National

Photo claiming to show climate strike rubbish a hoax

Photo claiming to show climate strike rubbish a hoax
A photo claiming to show mess left behind by climate strike protesters in Sydney is being shared widely on social media, despite it being an image taken in London earlier this year.
A Facebook post linking the mess to Sydney's climate strike on Friday has been shared 19,000 times in 12 hours.
The photo, shared by an Australian pro-coal page was captioned: "Look at the mess today's climate protesters left behind in beautiful Hyde Park.
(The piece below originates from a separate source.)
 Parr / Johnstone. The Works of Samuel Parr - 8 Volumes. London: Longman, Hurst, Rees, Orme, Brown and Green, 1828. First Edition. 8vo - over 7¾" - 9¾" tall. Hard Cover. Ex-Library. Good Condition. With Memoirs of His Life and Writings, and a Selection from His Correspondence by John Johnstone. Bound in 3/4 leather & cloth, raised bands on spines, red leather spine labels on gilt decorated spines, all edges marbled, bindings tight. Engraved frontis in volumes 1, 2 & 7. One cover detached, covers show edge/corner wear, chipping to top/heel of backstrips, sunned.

However, the photo was not taken in Hyde Park or in Sydney, but instead is a photo taken after a marijuana-based festival called 420 which was held in London in April this year. 
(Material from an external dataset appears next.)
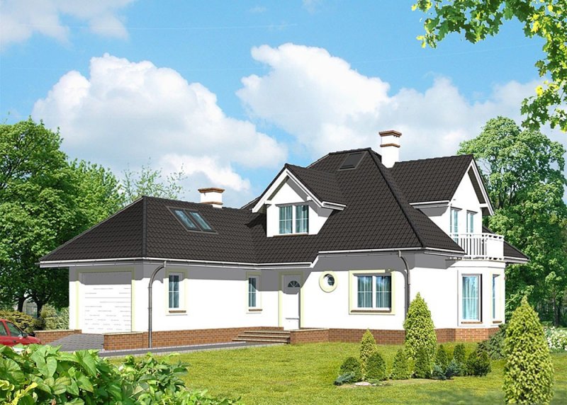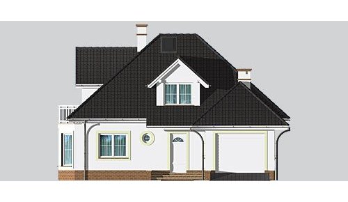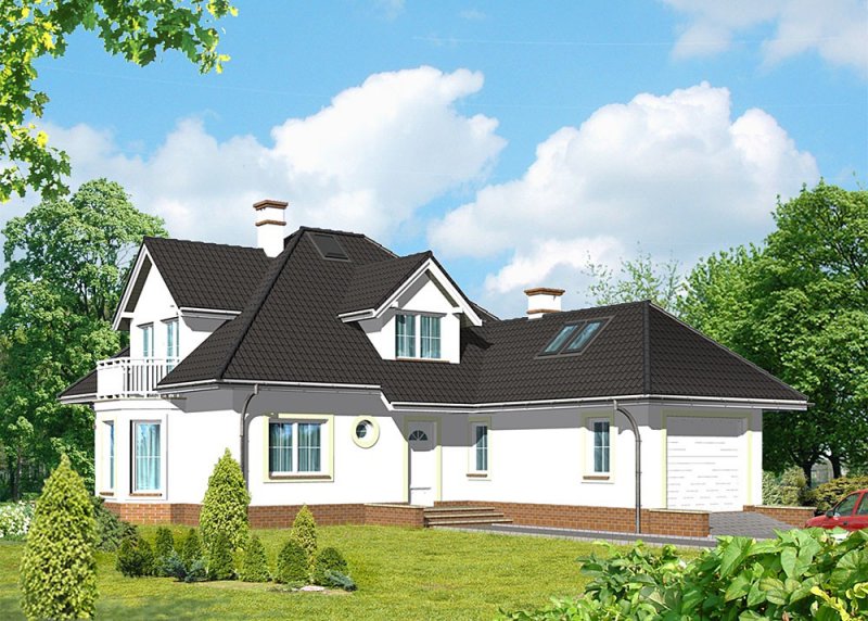 Dom jednorodzinny, parterowy, z poddaszem użytkowym i jednostanowiskowym garażem.

This hoax photo claimed to be an image of rubbish left behind by Australians at climate protest rallies. The photo is actually taken in London after a festival earlier this year. (Supplied)
An estimated 300,000 Australian's attended rallies on Friday calling for the government to take more extensive action on climate issues.
Public venues overflowed in major cities including at Brisbane's Queens Gardens, where police had to steer the overflowing crowds off the city streets as 30,000 crowded into the city centre.
In Sydney, queues formed as protestors waited in line to join the march, which totalled 80,000 people - filling the Domain.
But the largest crowd was seen as Melbourne's Treasury Gardens, where an estimated 100,000 marched.
Organisers estimate that the crowds were more than double that seen at the previous rally in March, exceeding their expectations of a 50 percent increase in numbers.
Strikers are calling on the government for no new coal, oil and gas projects, including the Adani mine, and to move towards 100 per cent renewable energy generation and exports by 2030.
MELBOURNE, AUSTRALIA - SEPTEMBER 20: A general view of protestors holding placards as they march on September 20, 2019 in Melbourne, Australia. Rallies held across Australia are part of a global mass day of action demanding action on the climate crisis. (Photo by Asanka Ratnayake/Getty Images) (Getty)
School Strike For Climate drew massive crowds of both students and workers. (Supplied)
A record-breaking 100,000 students and workers protested at Melbourne's Treasury Gardens on Friday, calling for action on climate change. (AAP)
Tens of thousands of adults joined the students, including wharfies whose walk off is the first known instance of industrial action to support climate "strikes" that have been held periodically since earlier this year.
Acting Prime Minister Michael McCormack labelled the protests "a disruption" and said they should be held on weekends not school or regular work days.
"I think these sorts of rallies should be held on a weekend where it doesn't actually disrupt business, it doesn't disrupt schools, it doesn't disrupt universities," Mr McCormack told reporters in Melbourne.
He said students would learn more at school than at a protest rally.
Mr McCormack said the government was taking action to cut emissions and boost the use of renewable energy.